▶ [What this task involves]: Reproduce the entries shown below only from the line with "大學生的自信還體現在希望通過" down to the line with "Rokan Hulu —", keeping both end lines and copying each one exactly.

▶ [Recorded information]:
::::::::::
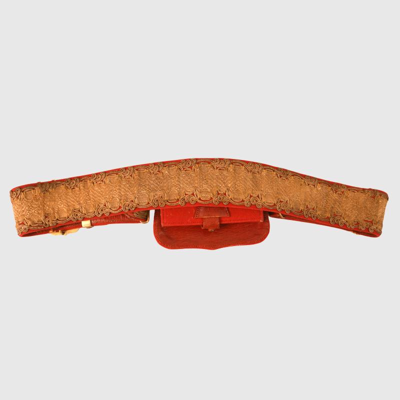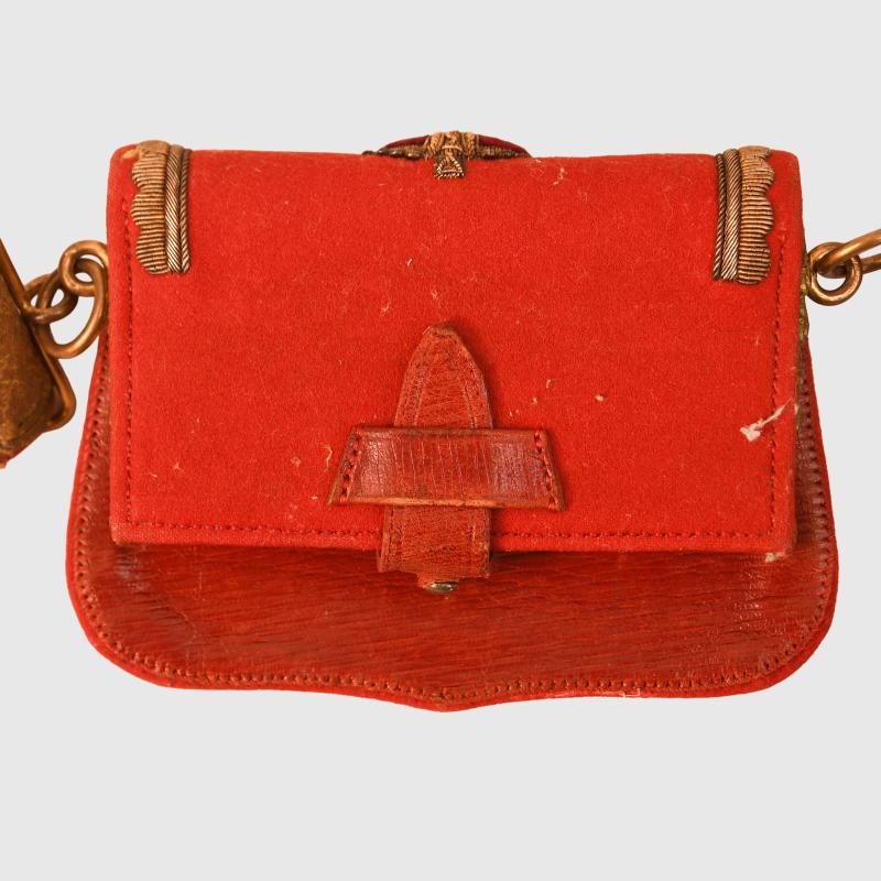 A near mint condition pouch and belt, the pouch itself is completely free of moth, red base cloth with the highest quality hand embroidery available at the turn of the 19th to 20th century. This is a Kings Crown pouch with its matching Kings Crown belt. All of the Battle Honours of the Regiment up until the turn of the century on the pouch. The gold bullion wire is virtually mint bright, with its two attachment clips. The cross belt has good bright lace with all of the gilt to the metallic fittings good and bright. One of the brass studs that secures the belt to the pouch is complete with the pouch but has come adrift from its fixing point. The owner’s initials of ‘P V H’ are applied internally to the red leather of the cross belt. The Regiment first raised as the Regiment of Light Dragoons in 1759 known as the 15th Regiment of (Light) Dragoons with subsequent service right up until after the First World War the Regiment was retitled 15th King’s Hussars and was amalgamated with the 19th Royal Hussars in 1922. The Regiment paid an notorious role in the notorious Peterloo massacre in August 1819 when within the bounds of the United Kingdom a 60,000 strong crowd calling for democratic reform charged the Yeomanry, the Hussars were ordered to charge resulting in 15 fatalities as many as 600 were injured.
::::::::::
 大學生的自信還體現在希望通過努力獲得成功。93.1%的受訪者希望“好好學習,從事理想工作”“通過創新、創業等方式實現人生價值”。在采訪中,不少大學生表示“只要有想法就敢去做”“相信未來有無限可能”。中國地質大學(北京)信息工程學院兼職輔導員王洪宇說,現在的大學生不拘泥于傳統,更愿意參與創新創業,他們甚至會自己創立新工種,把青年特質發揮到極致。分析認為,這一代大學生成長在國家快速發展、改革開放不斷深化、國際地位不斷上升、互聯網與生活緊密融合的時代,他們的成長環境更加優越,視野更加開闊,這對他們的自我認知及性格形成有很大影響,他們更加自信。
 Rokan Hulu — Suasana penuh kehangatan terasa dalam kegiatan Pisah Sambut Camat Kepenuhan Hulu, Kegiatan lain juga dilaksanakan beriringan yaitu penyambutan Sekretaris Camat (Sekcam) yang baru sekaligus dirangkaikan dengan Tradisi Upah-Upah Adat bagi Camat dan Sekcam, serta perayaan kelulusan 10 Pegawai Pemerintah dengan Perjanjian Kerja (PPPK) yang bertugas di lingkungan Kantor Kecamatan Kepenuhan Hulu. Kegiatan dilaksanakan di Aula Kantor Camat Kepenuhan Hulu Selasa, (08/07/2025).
::::::::::
▶ [Result of this task]:
 大學生的自信還體現在希望通過努力獲得成功。93.1%的受訪者希望“好好學習,從事理想工作”“通過創新、創業等方式實現人生價值”。在采訪中,不少大學生表示“只要有想法就敢去做”“相信未來有無限可能”。中國地質大學(北京)信息工程學院兼職輔導員王洪宇說,現在的大學生不拘泥于傳統,更愿意參與創新創業,他們甚至會自己創立新工種,把青年特質發揮到極致。分析認為,這一代大學生成長在國家快速發展、改革開放不斷深化、國際地位不斷上升、互聯網與生活緊密融合的時代,他們的成長環境更加優越,視野更加開闊,這對他們的自我認知及性格形成有很大影響,他們更加自信。
 Rokan Hulu — Suasana penuh kehangatan terasa dalam kegiatan Pisah Sambut Camat Kepenuhan Hulu, Kegiatan lain juga dilaksanakan beriringan yaitu penyambutan Sekretaris Camat (Sekcam) yang baru sekaligus dirangkaikan dengan Tradisi Upah-Upah Adat bagi Camat dan Sekcam, serta perayaan kelulusan 10 Pegawai Pemerintah dengan Perjanjian Kerja (PPPK) yang bertugas di lingkungan Kantor Kecamatan Kepenuhan Hulu. Kegiatan dilaksanakan di Aula Kantor Camat Kepenuhan Hulu Selasa, (08/07/2025).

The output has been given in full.